Das Foyer ist menschenleer. Logisch, jeder normale Mensch schläft nachts. Wir grüßen die hübsche Rezeptionistin freundlich. Was mir nicht entgeht ist, das Jimmy sich noch ein paar Mal zu ihr umdreht.

"Hab' ich was verpasst?", frage ich und boxe meinem Bruder gegen den Arm.

"Pf...Nö.", erwidert dieser nur, wird aber puterrot im Gesicht. Er drängt sich an mir vorbei und geht vor mir die Treppe hoch. Kopfschüttelnd folge ich ihm. Vor unserer Tür angekommen, bleibe ich kurz stehen.
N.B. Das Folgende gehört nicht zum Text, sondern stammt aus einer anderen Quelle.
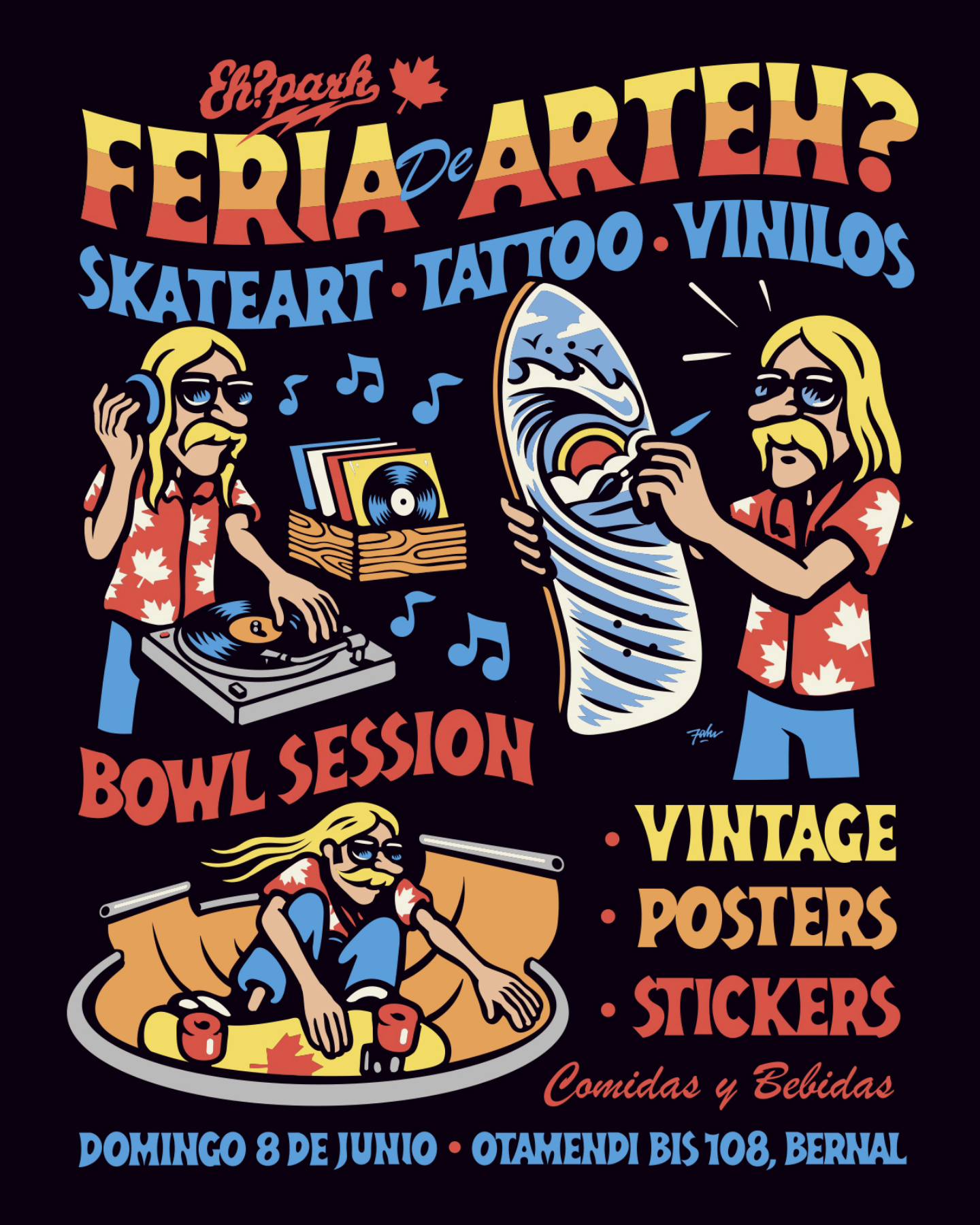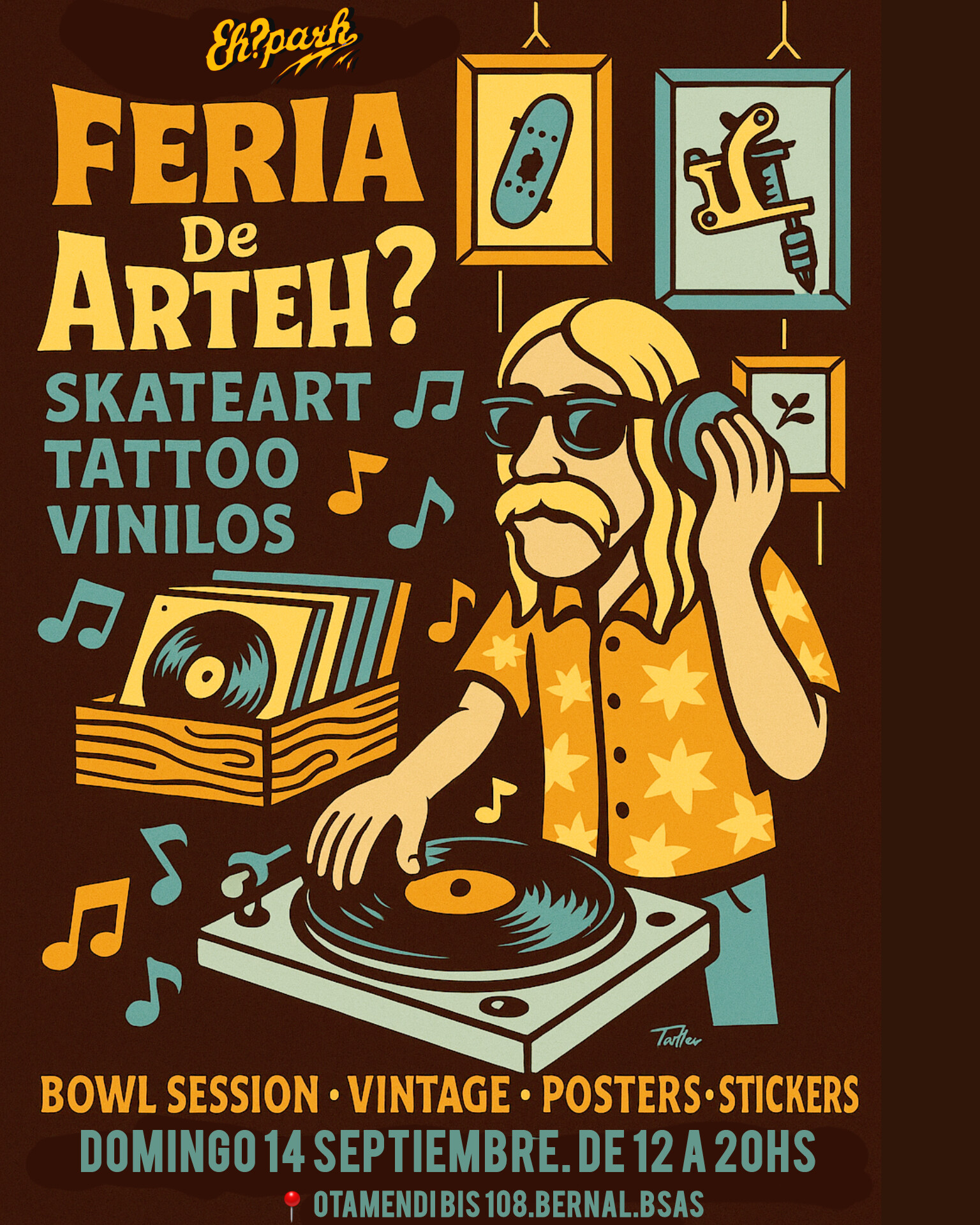 📢 FERIA De ARTEH? Vol. 2 👉 Domingo 14 de Septiembre 12 a 19hs. 📍Eh?park: Otamendi Bis 108 Bernal. Bs As. Argentina. 💿 Vinilos Cds, Casettes, Vhs. 🎨 Arte Skater y Urbano. 🖼 Laminas/Posters, Cuadros. 🧩 Stickers/Parches 🐉Tatuadores. 🛹 Skate 80’ 90’ 👕 Ropa y accesorios de autor. 📢 Convocatoria Abierta! (...) [+]
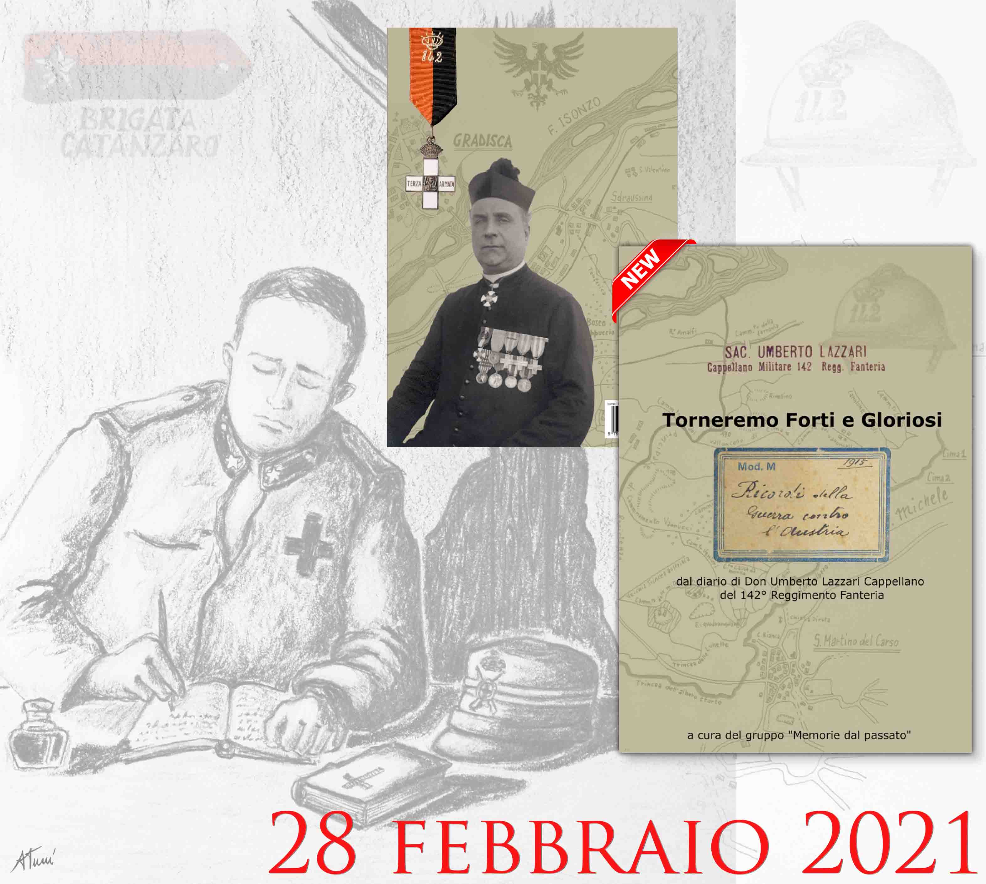 “Torneremo Forti e Gloriosi”, opera di trascrizione del diario ritrovato di Don Umberto Lazzari, Cappellano del 142° Reggimento Fanteria della Brigata Catanzaro durante la Prima Guerra mondiale, è un lavoro nato in un momento in cui tutto era sembrato fermarsi, uno spiraglio di luce durante un periodo di lockdown che aveva ridotto anche le prospettive degli interessi personali.
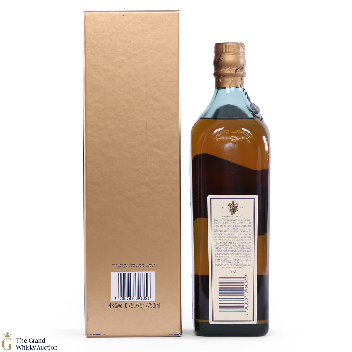 An older, and now very rare, bottling of Johnie Walker Blue Label.

"Warte mal kurz.", sage ich, als Jimmy die Tür aufdrücken will.

"Was ist denn?", fragt er und zieht die Tür wieder zu.

"Denkst du manchmal an Leyla?" Ich lehne mich an die Wand und vergrabe die Hände in den Hosentaschen. Als wir damals so überstürzt in Spanien abreisten, war ich total traurig, das ich Leyla nie wieder sehen sollte. Eine Zeit lang habe ich mich an der Hoffnung festgeklammert, sie eines Tages vielleicht doch wiederzusehen. Doch dies passierte nie. Nach weiteren zwei Jahren ohne Kontakt, konnte ich die Gedanken an sie endlich beiseite schieben. Es bringt nicht's in der Vergangenheit zu leben und auf etwas zu hoffen, was sowieso nie geschieht.

"Klar. Sie war unsere beste Freundin.", antwortet Jimmy. Okay, das beruhigt mich, denn auch nur ein klitzekleines Bisschen. Es fühlte sich falsch für mich an, damals einfach so zu verschwinden, ohne "Tschüss" zu sagen. Aber wir hatten keine andere Wahl.